As a source of cDNA for standard curves to which all samples were normalized, neutrophils were isolated from an apheresis buffy coat obtained from the blood bank North-West (Sanquin). Serial 10-fold dilutions from the cDNA obtained were made to which each sample was quantified with the method described in Technical Note No. LC 13/2001 (Roche Applied Science, Almere, The Netherlands). In short, the threshold cycle (C_T) values, determined by the LightCycler software, were used to calculate and plot a linear regression curve, as performed by the software. From this regression, the quality of the standard curve can be evaluated by the slope and the correlation coefficient (r). The slope of the line was used to determine the efficiency of the reaction (E). From the C_T's and the efficiencies obtained, the normalized ratio was calculated with the following formula: E_T^{CpT(C) – CpT(S)}:E_R^{CpR(C)–CpR(S)}, in which E_T is the efficiency of the PCR of the target gene (FcγRIIa or FcγRIIb2); E_R, the efficiency of the PCR of the reference gene (GUS); CpT(C), the measured C_T of the target gene determined for standard or calibrator (FcγRIIa or FcγRIIb2 of one selected individual for all measurements); CpT(S), the measured C_T of the target gene determined for the sample (donor of interest); CpR(C), the measured C_T of the reference gene of the calibrator or standard; and CpR(S), the measured C_T of the reference gene of the sample.

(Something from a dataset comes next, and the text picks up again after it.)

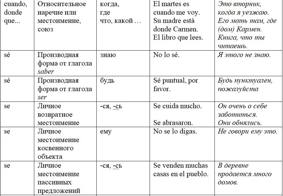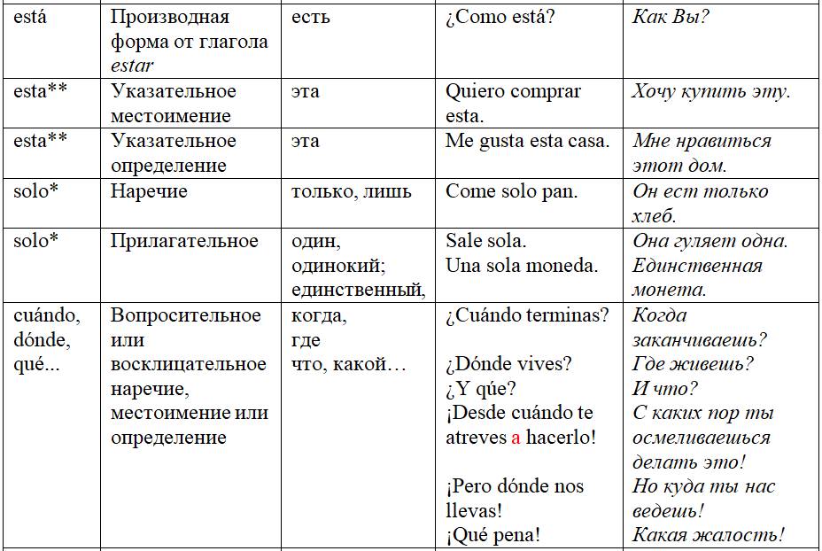 Примечание:* в отличие от местоимений mí и sí местоимение ti пишется без ударения, поскольку не существует слов, схожих с ним по написанию; ** указательные местоимения и указательные определения este/a, ese/a, aquel/la относятся к одной и той же, первой группе. Поэтому пишутся без ударения всегда, за исключением случаев, когда существует риск их двусмысленного понимания. В таких случаях местоимение выделяется знаком ударения: ¿Por qué tiran aquéllos libros? (Почему те (люди) выбрасывают книги?) / ¿Por qué tiran aquellos libros? (Почему выбрасывают те книги?). Нейтральные esto, eso, aquello никогда не используются с ударениями, поскольку применяются исключительно как местоимения; ***наречие и прилагательное solo относятся к одной и той же, первой группе. Поэтому пишутся без ударения всегда, за исключением случаев, когда существует риск их двусмысленного понимания. В таких случаях наречие выделяется знаком ударения: Trabajo sólo los martes. (Я работаю только по вторникам.) / Trabajo solo los martes. (Я работаю один по вторникам.).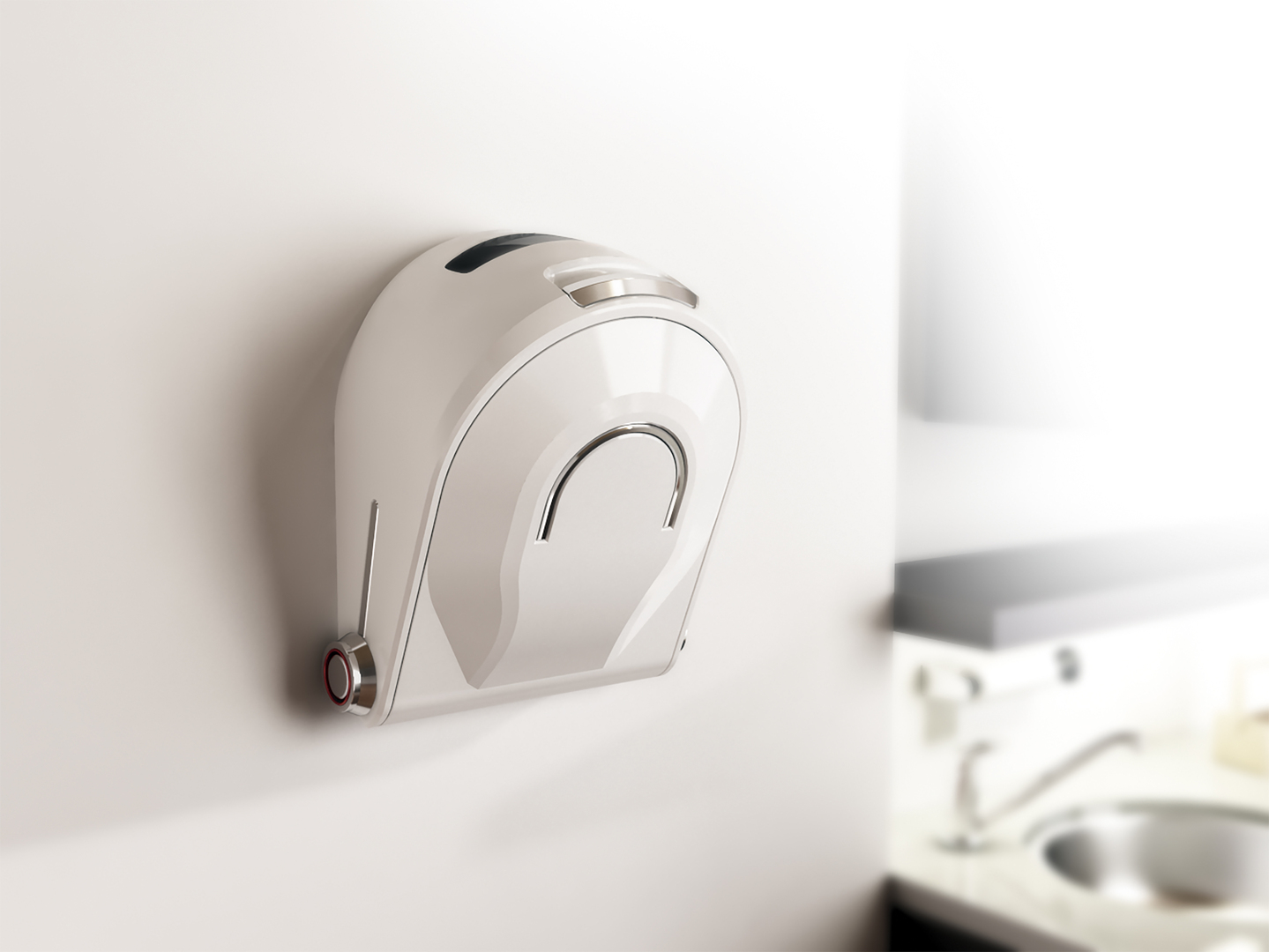 This oven is very simple and intuitive to use. When not in use, it is folded up against the wall and its compact volume barely takes up any air space. To heat up the food, simply release the external door, which comes down like a tray, then place the food on this tray and pull down the microwave cover to close. From here, simply set the cooking time and method on the touchscreen and press start. When the process is completed, pull back the microwave cover, remove the food and lift the tray back into position to close. It only takes a few steps to heat up the food and “keep away” the microwave oven. As some parts of the microwave oven can be separated, this also makes it convenient to clean.

To study the expression levels of FcγRII isoforms on neutrophils, we set up a relative quantitative RT-PCR by means of the LightCycler instrument. This technique yielded a highly sensitive and specific method to determine FcγRIIa and FcγRIIb2 mRNA expression levels in neutrophils. The slopes of the standards for each PCR reaction were around –3.3, yielding an efficiency of about 2, indicating that during each cycle the specific product was doubled. Furthermore, each set of primers used resulted in a specific melting curve with its own melting temperature (Tm), whereas the nontemplate controls displayed a different melting curve or no product at all.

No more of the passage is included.